One part of me likes it, one part kinda doesn't but I would much rather do soap everytime than vinegar.
SALT-AWAY is what I would personally use. I've torn apart a couple motors that were on a steady dose and clean as a whistle. For instance, yamaha f225's (02's-05's) often have thermostat issues, mainly because they are a pita to change because you either have to pull the throttle body manifold off, or tinker with swivels and mirrors.
I had a custome that swore up and down that he flushed with fresh water everytime but almost like clockwork would get an overheat from a thermostat going bad every 6-9 months. Finally I changed them for the 6th time and told him to try the saltaway. A year later, no complaints and during his annual service I pulled the thermostats just to see out of curiosity. They were spotless..


----------



## Sheremeta (Nov 29, 2010)

> After every trip, I turn the hose off and let the water out of it, then disconnect at the wall and dump in about 6-8oz of dish soap.  Reconnect it to the wall and turn on the water.  Keep in mind that I have a valve on the opposite end that I hook up to the rabbit ears.  Crack the valve open and start the engine.  You'll know when the soap reaches the engine.  I then put the engine in gear and bump the RPMs up a little.  This cleans the prop and the engine.  The soap runs out in 2-3minutes and I let it run for another 5-7min.  Done.
> 
> Do it over the grass as fertilizer or over an ant bed to get rid of the ants.....


I do the same thing.


----------



## jking (Aug 11, 2011)

For you home chemists out there here's the ingredients for Salt Away from the MSDS sheet if you want to make your own and maybe save some dough.

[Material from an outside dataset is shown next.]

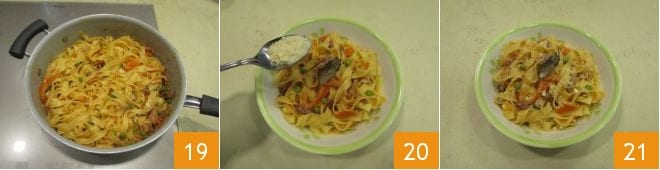 and mix everything to blend the ingredients. Garnish the dish with grated Parmesan 20, a few slices of truffle, and serve your fettuccine alla modenese 21.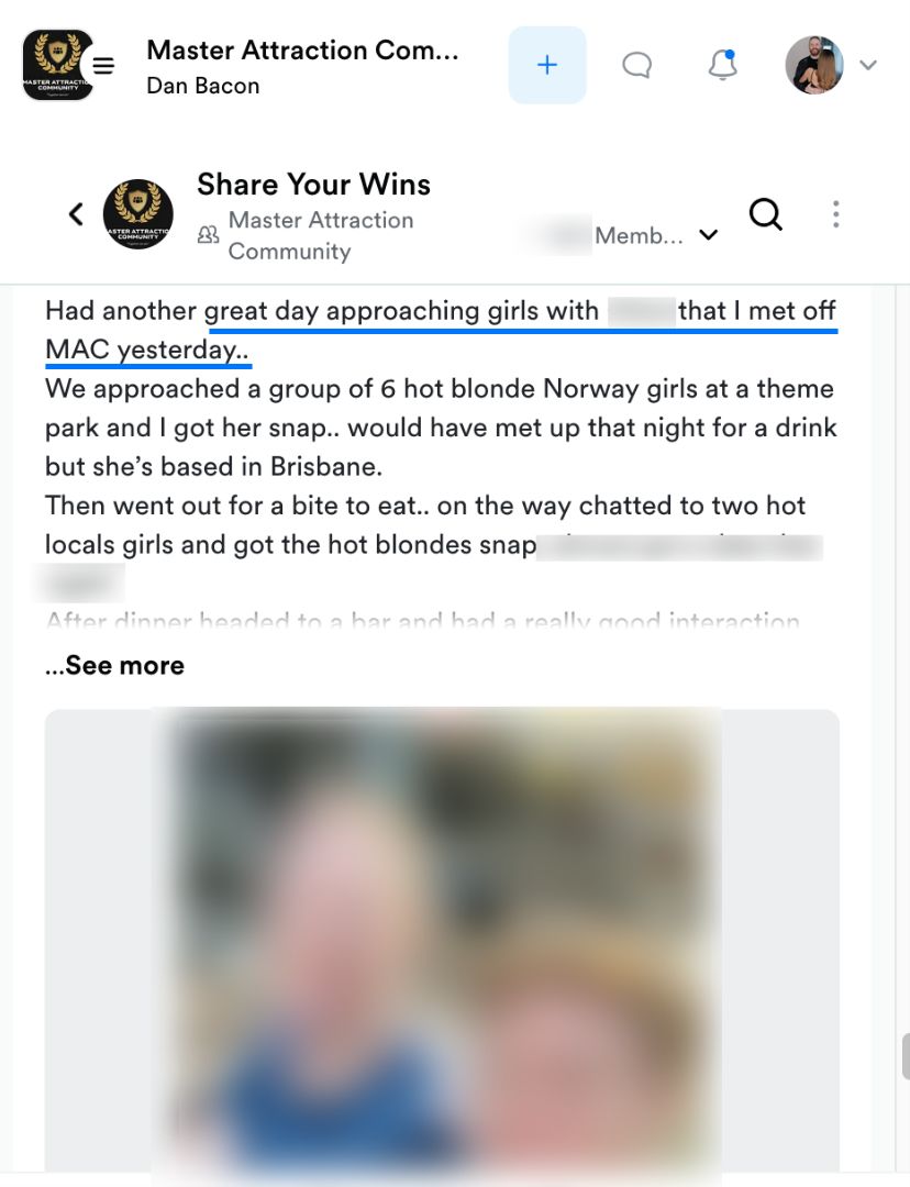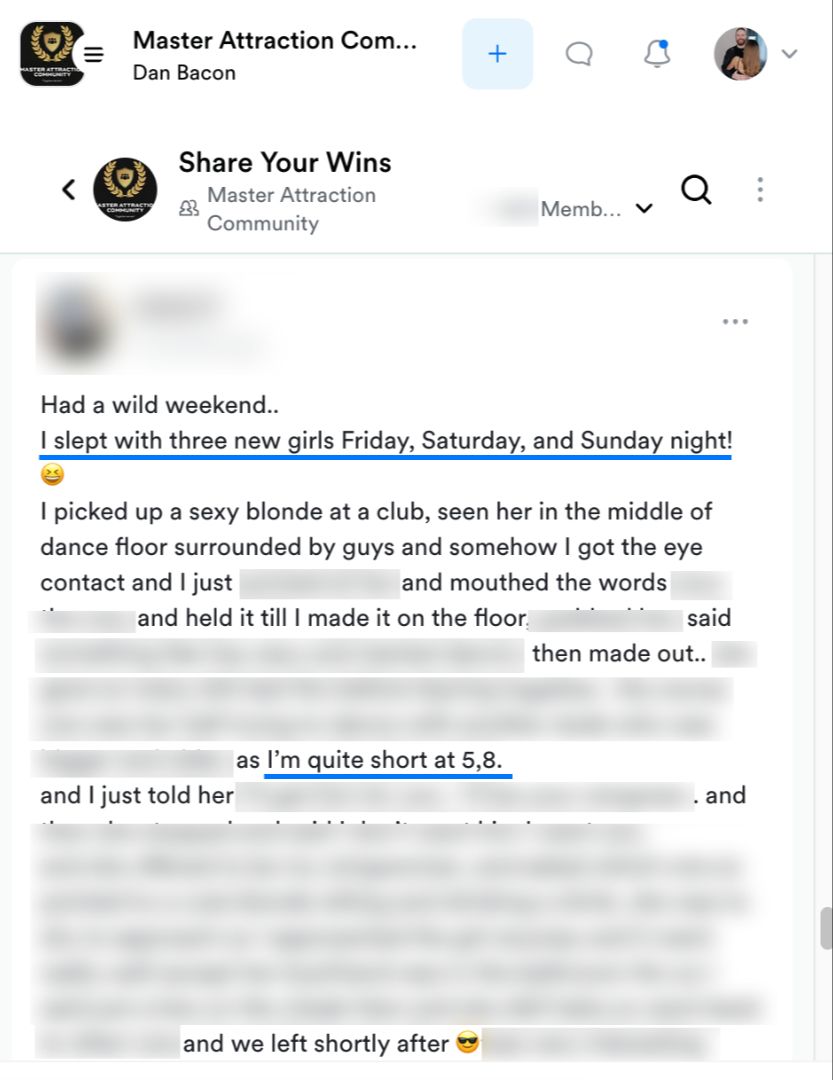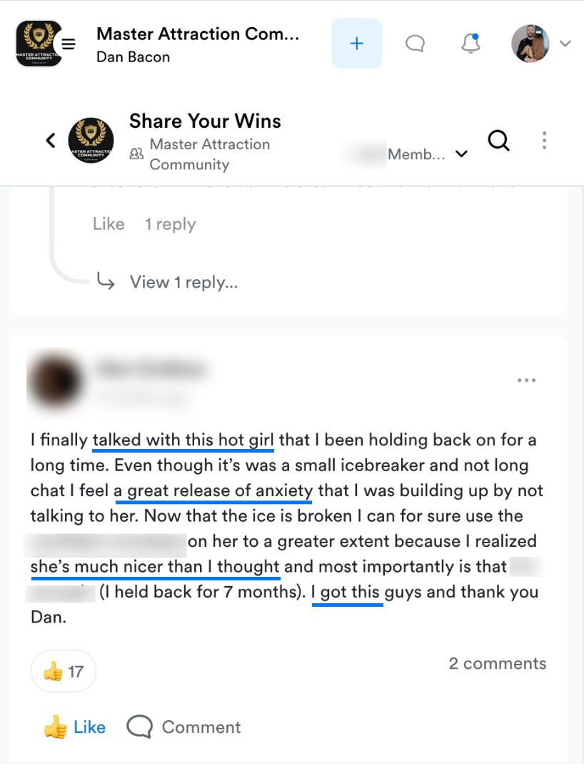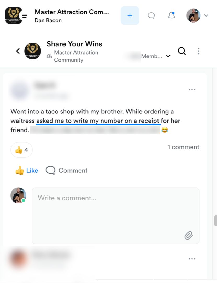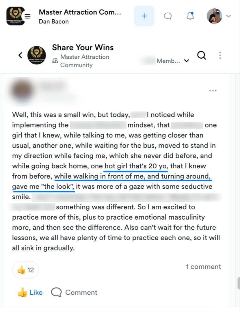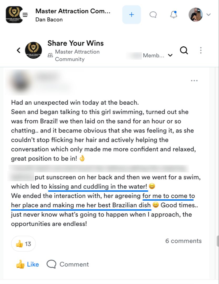 Below are screenshots from our Master Attraction Community and are only SOME of the success stories being posted in there.

The corrosion inhibitor is probabaly an Ethoxylated Polyol, i.e. fatty acid, i.e. soap.

Non Hazardous coupling agent is more than likely a water soluable long chain polymer. Helps suspend the solids and oils released from washing. I'll spare you the molecular details. Most soaps will have this added in.

Water is obvious.

TSP is Tri Sodium Phosphate, common cleaner you can buy anywhere for cheap. Ironic - TSP is a salt. It's also basic (high PH) as 1% solution in water. TSP is also corrosive to Aluminum in concetrated form. I coudn't see it damaging Aluminum in a 3% concentration though. Espaecially if they passivate motor internals at the factory (acid treat, makes that kind of chalky looking protective oxidation surface on Aluminim) 

Sorry, slow day at the office.

From MSDS:
65997-01-5 Corrosion Inhibitors <12%
Non-Hazardous Coupling Agents <10%
7732-18-5 water, distilled, conductivity or of similar purity >65%
· Chemical characterization: Mixtures
· Description: Mixture of substances listed below with nonhazardous additions.
· Irritant components:
7758-79-4 TSP Crystal Xi R36/37/38 <3.0%


----------



## flyfshrmn82 (Oct 12, 2007)

What he said...


----------



## permitchaser (Aug 26, 2013)

> For you home chemists out there here's the ingredients for Salt Away from the MSDS sheet if you want to make your own and maybe save some dough.
> 
> The corrosion inhibitor is probabaly an Ethoxylated Polyol, i.e. fatty acid, i.e. soap.
> 
> ...


OK now people on here say vinegar will damage your engine even if you use it watered down and flush with water. So now TSP is the answer even though it will corrode Aluminum.


----------



## Capt. Eli Whidden (Jun 7, 2012)

Fresh water if you must. If not, fresh saltwater works just fine. Keep it simple stupid huh?


----------



## Sheremeta (Nov 29, 2010)

A little bacon grease mixed with the soap helps too. Apple wood smoked bacon works best.


----------



## cvilt (May 31, 2010)

kingjr thank you. I appreciate the effort


----------